= REQUIRED WORK =
Retype exactly the lines below, starting with the line that contains "10 September 2019;" and ending with the last line; leave out any pictures.

[Stored items from a collection]
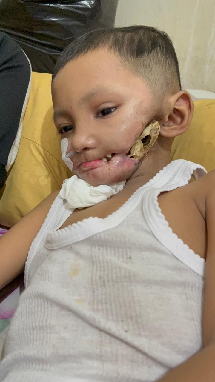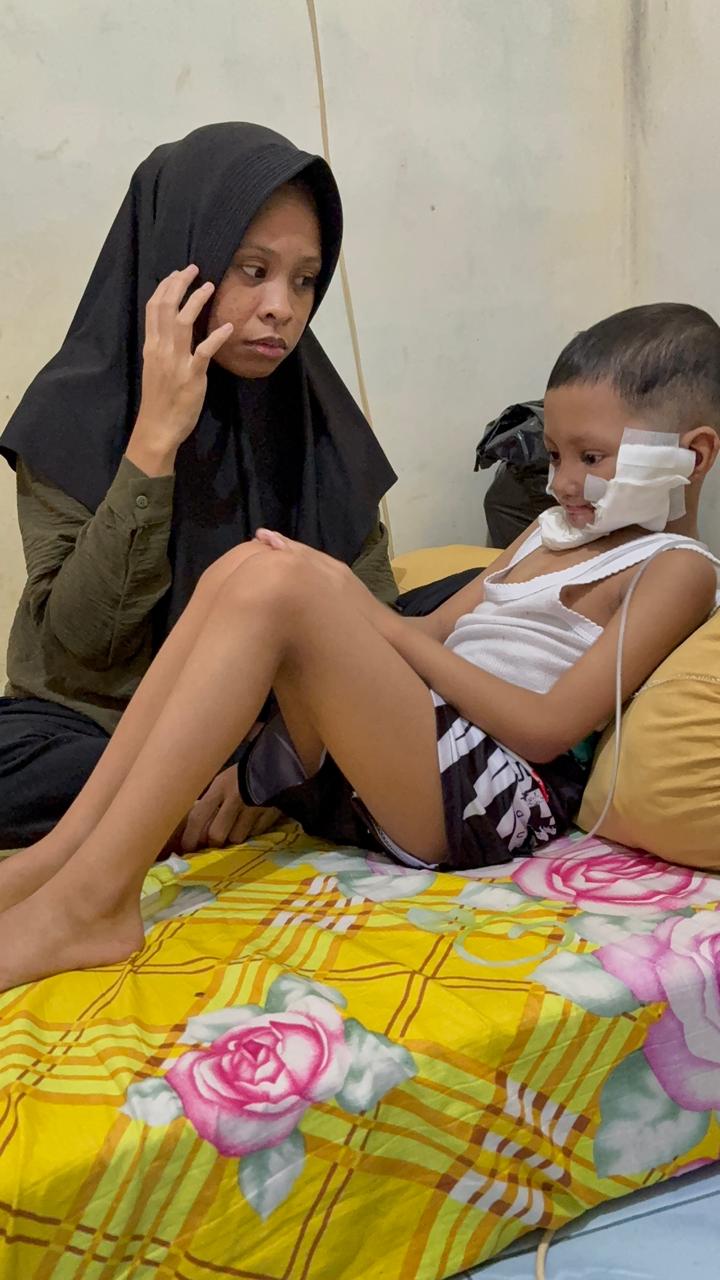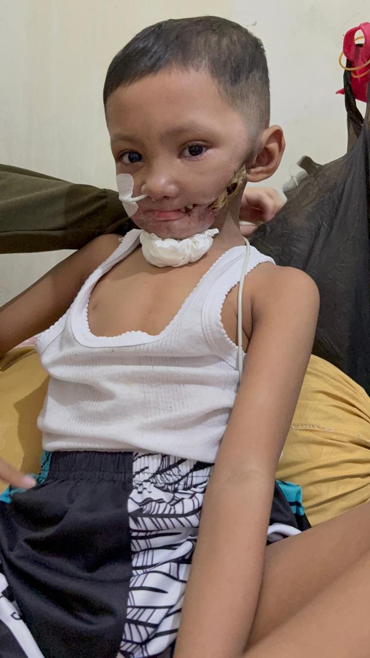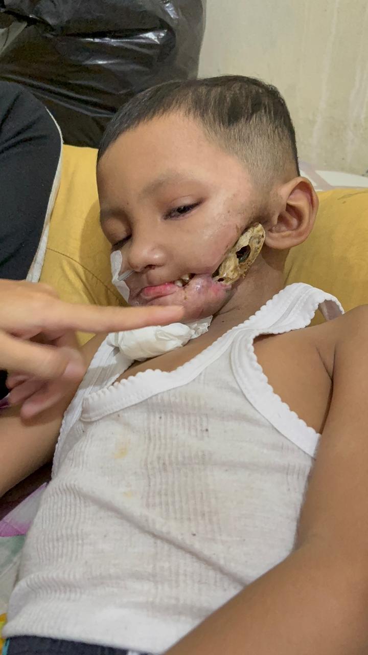 Aldi (6) menderita kanker mulut yang tumbuh dengan cepat, sel kanker bahkan tumbuh besar sampai memenuhi rongga mulut bahkan keluar dari mulutnya.
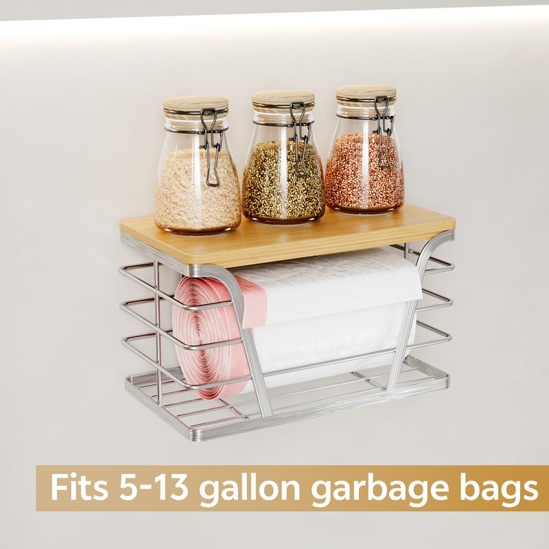 - TRASH BAG ORGANIZER: Includes a grocery bag holder with bamboo lid and adhesive for easy installation; wall-mounted design maximizes space in laundry room and kitchen; perfect for storing garbage bags or using the bamboo lid as an extra shelf for groceries and other small items
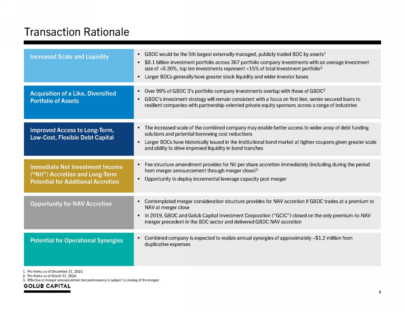 GBDC to acquire 100% of GBDC 3 in a stock - for - stock merger, with shares to be exchanged based upon an exchange ratio determined at merger close that allows for potential NAV per share accretion at GBDC while valuing GBDC 3 at a potential premium to NAV Overview of Proposed Merger Consideration Illustrative Exchange Ratio Calculations Using GBDC & GBDC 3 NAV Per Share as of March 31, 2024 1. Represents the price of GBDC Common Stock on the Nasdaq measured on either the day prior to Merger close, if the Nasdaq is closed, the most recent trading day. 5 GBDC Price - to - NAV at Merger Close Applicable Exchange Ratio Formula Scenario #1: GBDC P/NAV < 100% Exchange Ratio = GBDC 3 NAV Per Share / GBDC NAV Per Share Scenario #2: 100% < GBDC P/NAV < 106% Exchange Ratio = (GBDC 3 NAV Per Share x (1 + 50% x (GBDC P/NAV - 1)) / GBDC Market Price 1 Scenario #3: GBDC P/NAV > 106% Exchange Ratio = (GBDC 3 NAV Per Share x (1 + 3%)) / GBDC Market Price 1 Scenario #1 Scenario #2 GBDC Market Price 1 $15.00 $15.50 $16.50 GBDC NAV Per Share $15.12 $15.12 $15.12 GBDC P/NAV 99.2% 102.5% 109.1% GBDC 3 NAV Per Share $14.70 $14.70 $14.70 Exchange Ratio $14.70 / $15.12 = 0.9721 Each GBDC 3 stockholder to receive 0.9721 shares of GBDC per GBDC 3 share ($14.70 x (1 + 50% x (102.5% - 1)) / $15.50 = 0.9602 Each GBDC 3 stockholder to receive 0.9602 shares of GBDC per GBDC 3 share ($14.70 x (1 + 3.0%)) / $16.50 = 0.9176 Each GBDC 3 stockholder to receive 0.9176 shares of GBDC per GBDC 3 share Note: Financial data as of March 31, 2024. Scenario #3
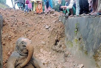 Afortunadamente , a pesar de que el elefante estaba asustado por la caída, no resultó herido.
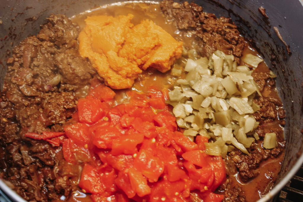 When the ground beef is fully cooked, add in the tomatoes (undrained), green chilies, and pumpkin. Stir and simmer for at least 45 minutes.
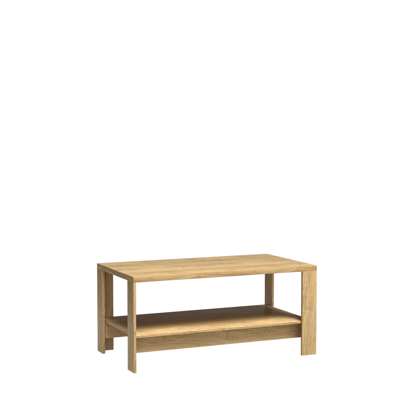 Stolik kawowy Mediolan-18 to idealny dodatek do salonu. Wykonany z wytrzymałej płyty laminowanej, zachwyca jasnym, nowoczesnym designem. Dzięki szerokiej półce na książki i drobiazgi, umożliwia wygodne relaksowanie się przy ulubionej kawie. Montaż DIY!
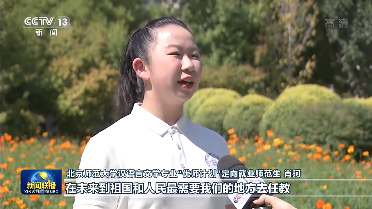 北京師范大學(xué)漢語言文學(xué)專業(yè)“優(yōu)師計劃”定向就業(yè)師范生 肖珂:總書記勉勵我們增長傳道授業(yè)解惑本領(lǐng),在未來到祖國和人民最需要我們的地方去任教。我定不負(fù)囑托,努力學(xué)習(xí),在畢業(yè)后回到我的家鄉(xiāng)。
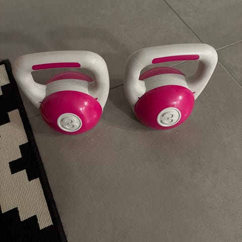 Reebok manual treningsvekter sett bestående av 1 stk. Manualene er rosa og hvite i fargen, og egner seg for styrketrening og generell trening. er på 3KG vær
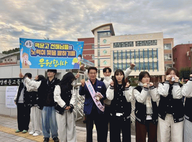 ±èÅÂ±Õ ÀÇÀåÀº ±¤¾ç±³À°Áö¿øÃ» °ü°èÀÚµé°ú ÇÔ²² ±³¹® ¾Õ¿¡¼ ¼öÇè»ýµéÀ» ÀÀ¿øÇϱâ À§ÇØ ÇÔ²² ³ª¿Â Çкθðµé°ú Çб³ °ü°èÀڵ鵵 °Ý·ÁÇß´Ù.
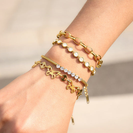 Regular price From $3.13 USDRegular priceUnit price / perSale price From $3.13 USDStainless Steel Rhinestone Stacked Cable Chain Bracelet
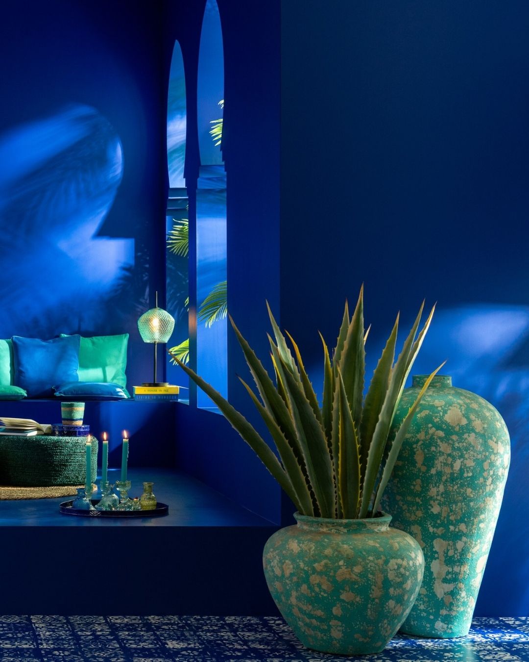 جربي وضعها في زاوية مضاءة بالقرب من نافذة كبيرة، أو في ركن فني إلى جانب مقاعد بألوان ترابية وسجاد مزخرف. يمكنكِ دمجها مع إكسسوارات بألوان محايدة أو حتى مزهريات صغيرة من اللون نفسه لتعزيز التوازن البصري، كما تلائم المساحات الحديثة ذات الطابع البوهيمي.
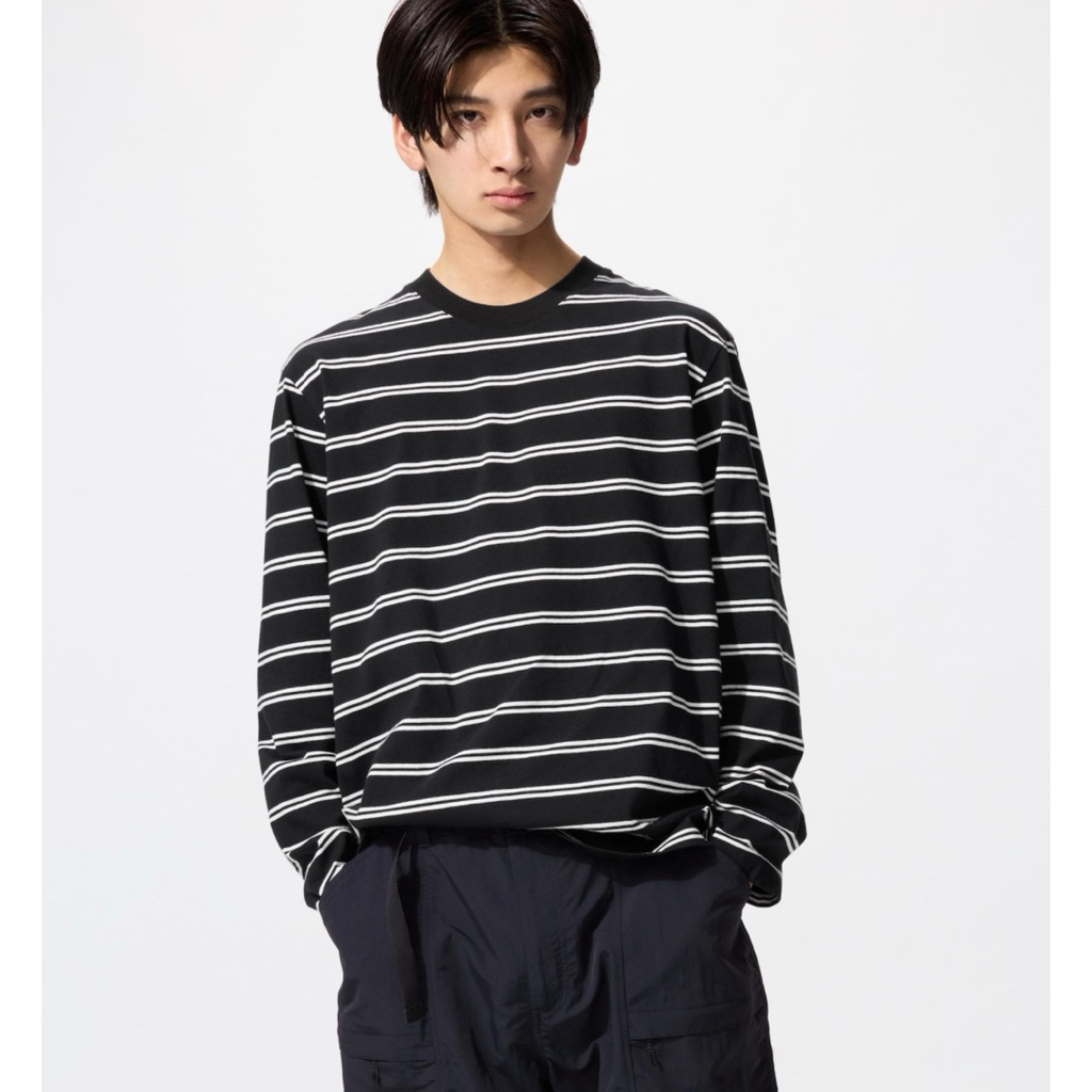 Kaos T-Shirt Garis Lengan Panjang Cowok Uniqlo New Arrival
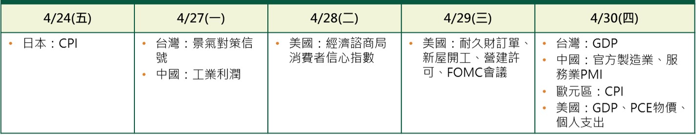 - 歐元區4月標普製造業PMI升至52.2,優於市場預期,但服務業PMI則跌破榮枯線至47.4,不如預期,反映中東衝突推升油價,已開始對消費者形成壓力。
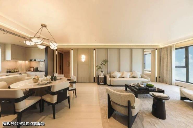 居住是一场生活艺术之旅,而归家的仪式感,是这场旅程的开篇序章。建面约165㎡洋房深谙奢适空间尺度彰显高阶仪派的真谛,以独立电梯厅+阔尺玄关的双境设计,将尺度与礼序完美融合。
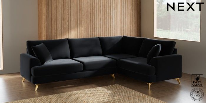 7.2.5 Buy Parker Large Corner Sofa - Right Hand Plush Velvet Easy Clean Charcoal Grey High Metal - Brass from the Next UK online shop Click here to use our accessible website
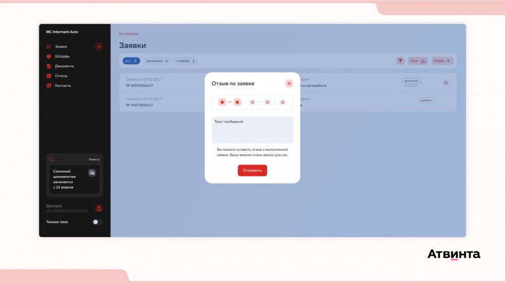 Чтобы компании MC Intermark Auto отслеживать свою работу и качество услуг поставщиков — пользователь может поставить оценку и написать отзыв о предоставленном сервисе.
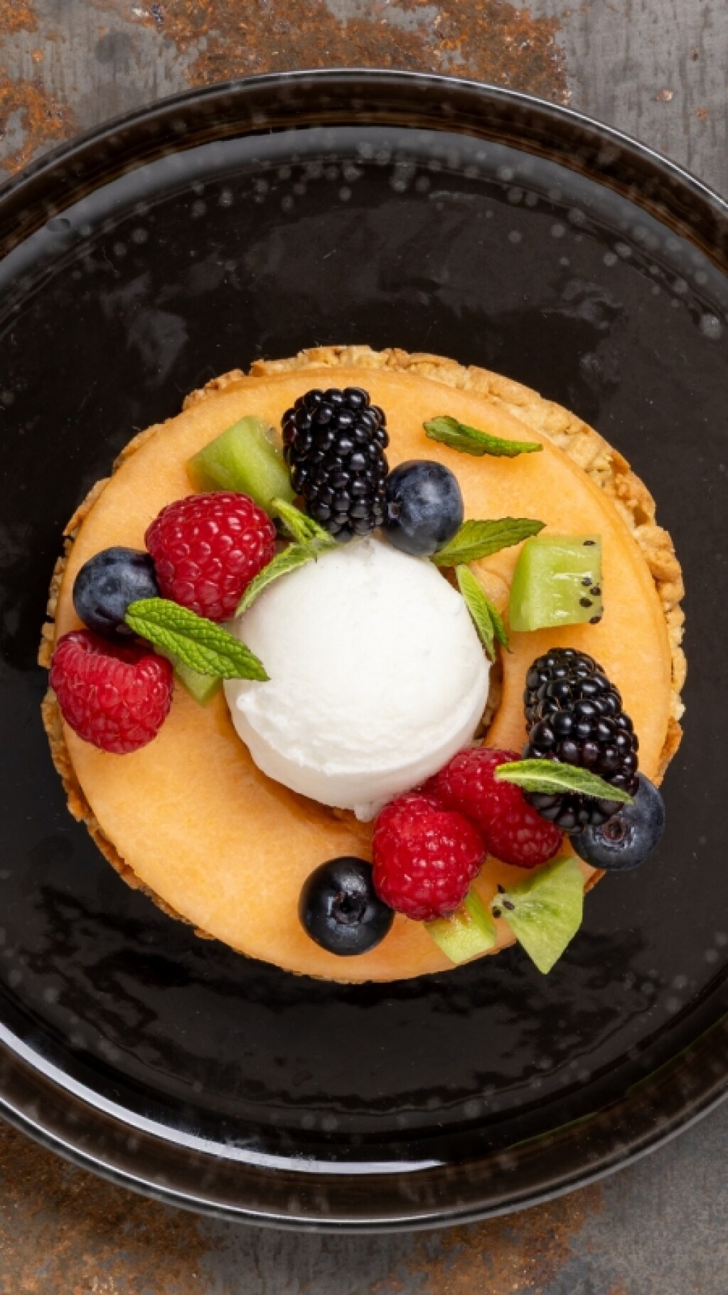 Per la macedonia, abbiamo scelto un disco di melone come base protagonista, con un foro al centro per accogliere in modo elegante il sorbetto al limone di Sicilia Amo Essere Eccellente. Attorno, kiwi, frutti di bosco e menta aggiungono freschezza e colore, creando un piacevole contrasto con la dolcezza del melone.
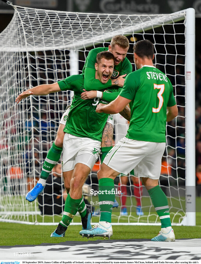 10 September 2019; James Collins of Republic of Ireland, centre, is congratulated by team-mates James McClean, behind, and Enda Stevens, after scoring his side's third goal during the 3 International Friendly match between Republic of Ireland and Bulgaria at Aviva Stadium, Dublin. Photo by Seb Daly/Sportsfile
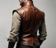 Custom Brown Leather Cosplay Vest for Men, Men's Designer Brown

= EXERCISE SOLUTION =
 10 September 2019; James Collins of Republic of Ireland, centre, is congratulated by team-mates James McClean, behind, and Enda Stevens, after scoring his side's third goal during the 3 International Friendly match between Republic of Ireland and Bulgaria at Aviva Stadium, Dublin. Photo by Seb Daly/Sportsfile
 Custom Brown Leather Cosplay Vest for Men, Men's Designer Brown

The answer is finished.